Prime looked great. Checked everything with a light 2 times. Maybe they over sanded and the areas where the mud was got real smooth and the paper not so much. There are no lines or ridges , just diff textures from mud and paper. They are gone now tho. Won't second guess sunlight again.


----------



## chris (Apr 13, 2011)

Sunlight is every tapers worst enemy. I have been in your shoes more than once and a full skim on sun lit walls is the only way around it other than a specialty primer. Good on you for making it right . The owners of this addition decided they wanted smooth (Level 5) with no baseboard to boot. She had a semi gloss in mind but I was able to steer her out of that. I will get some better pics when job is cleaned up a bit,maybe a short vid


----------



## lrees (Jan 22, 2013)

Whats the rules of paint? When do you want to do that,?(Level 5 or not) When and where??


----------



## moore (Dec 2, 2010)

lrees said:


> Whats the rules of paint? When do you want to do that,?(Level 5 or not) When and where??

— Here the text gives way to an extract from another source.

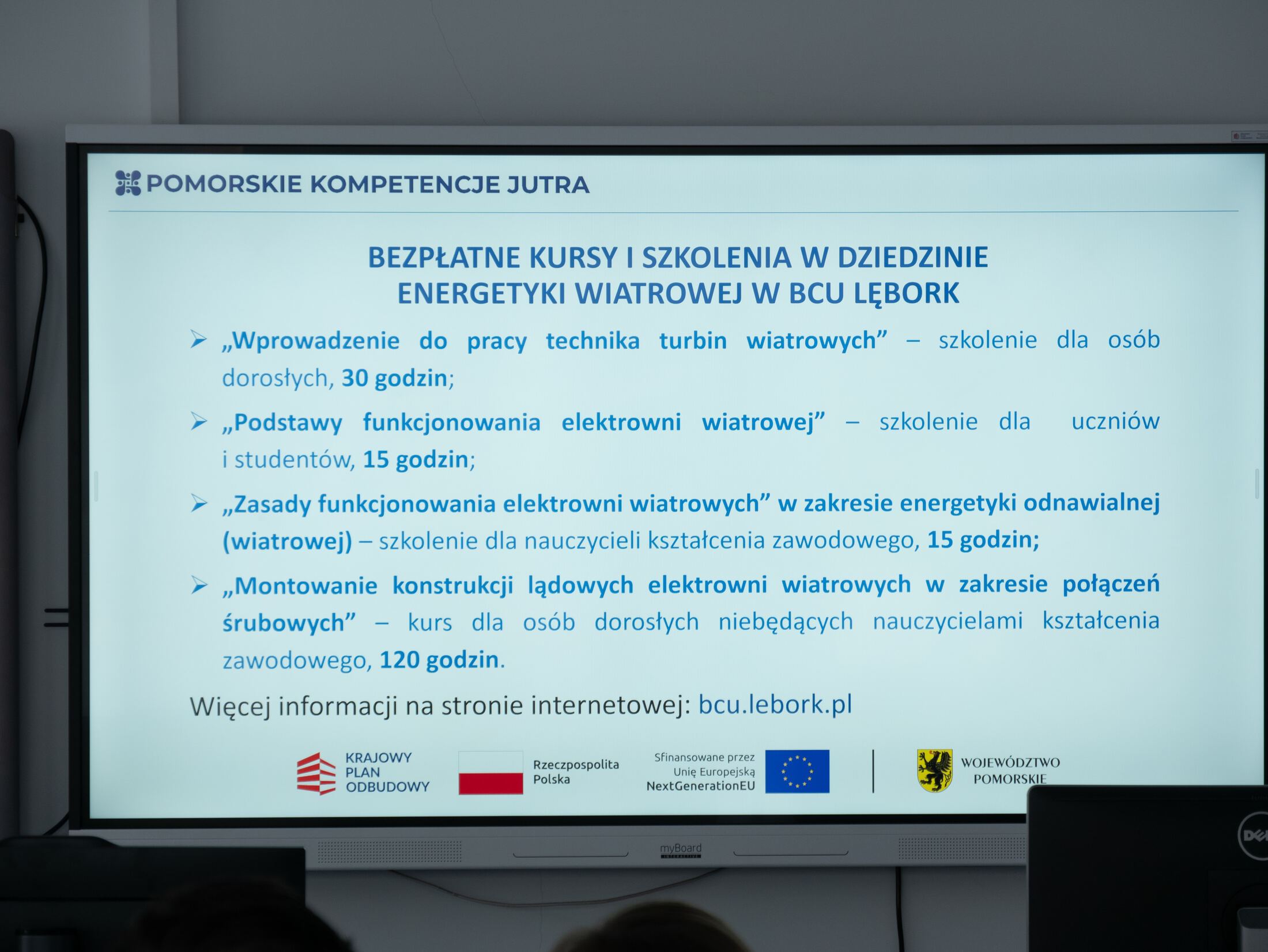 - „Wprowadzenie do pracy technika turbin wiatrowych” (30-godzinne szkolenie dla dorosłych);
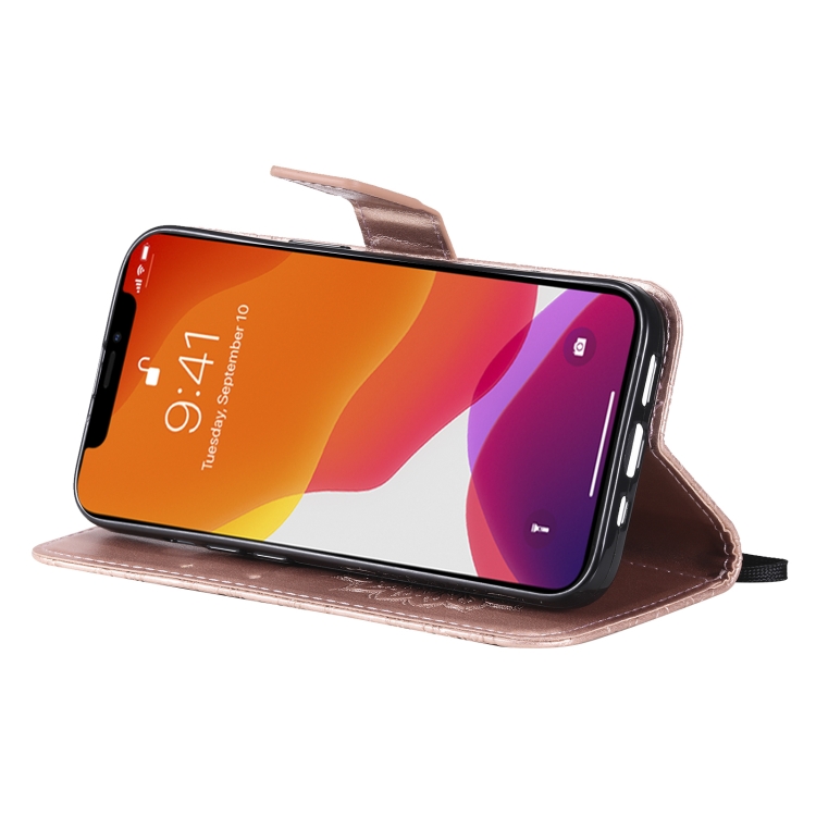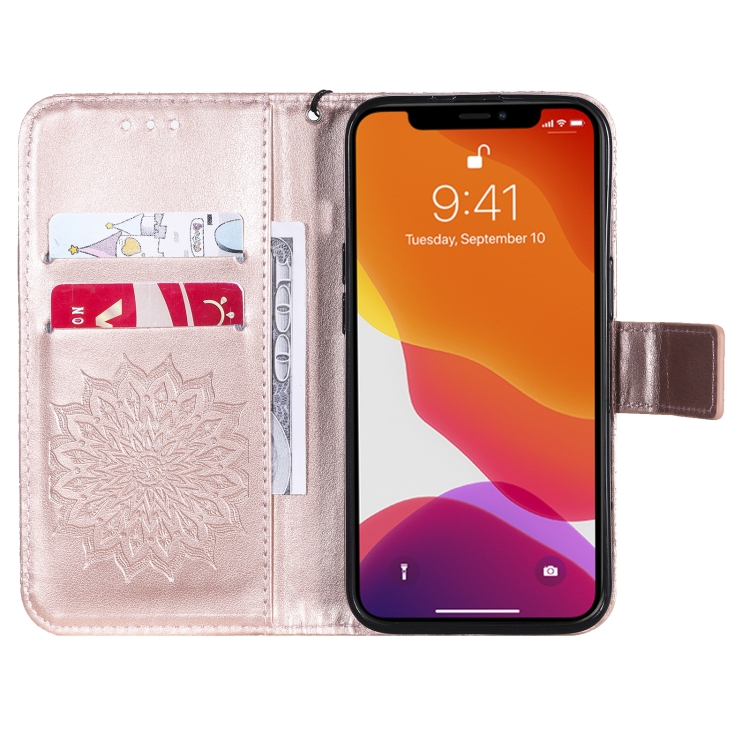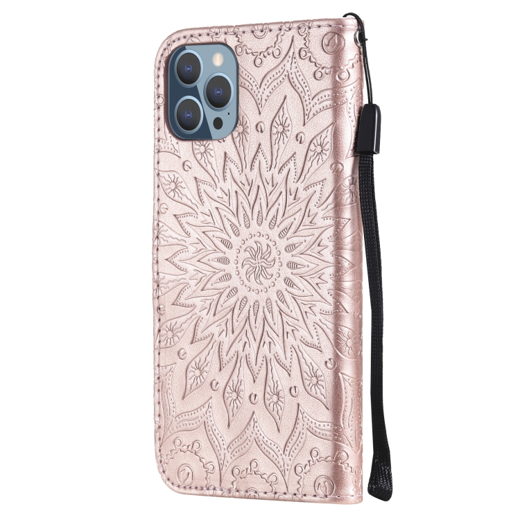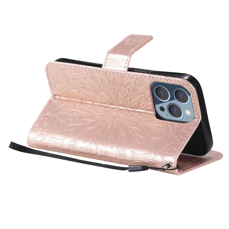 Estuche para iPhone 13 Pro Cuero PU Flip Horizontal Patrón Girasol Ranuras Tarjetas Billetera Cordón (Oro Rosa)

 WHEN THEY WANT TO PAY FOR IT!!!:whistling2:


----------



## jcampbell (Aug 26, 2012)

Any if you guys ever use the certainteed L5 primer? If so , do you recommend it. I can get it at the same price as bm drywall primer


----------



## Bazooka-Joe (Dec 31, 2010)

well next time add 3 quarts of mud to 5 gal primer and roller on. I did my house that way with a malmine spike in my paint durable walls no flash and washable surface


----------



## boco (Oct 29, 2010)

Bazooka-Joe said:


> well next time add 3 quarts of mud to 5 gal primer and roller on. I did my house that way with a malmine spike in my paint durable walls no flash and washable surface


 hey dont be telling people my secrets. lol.


----------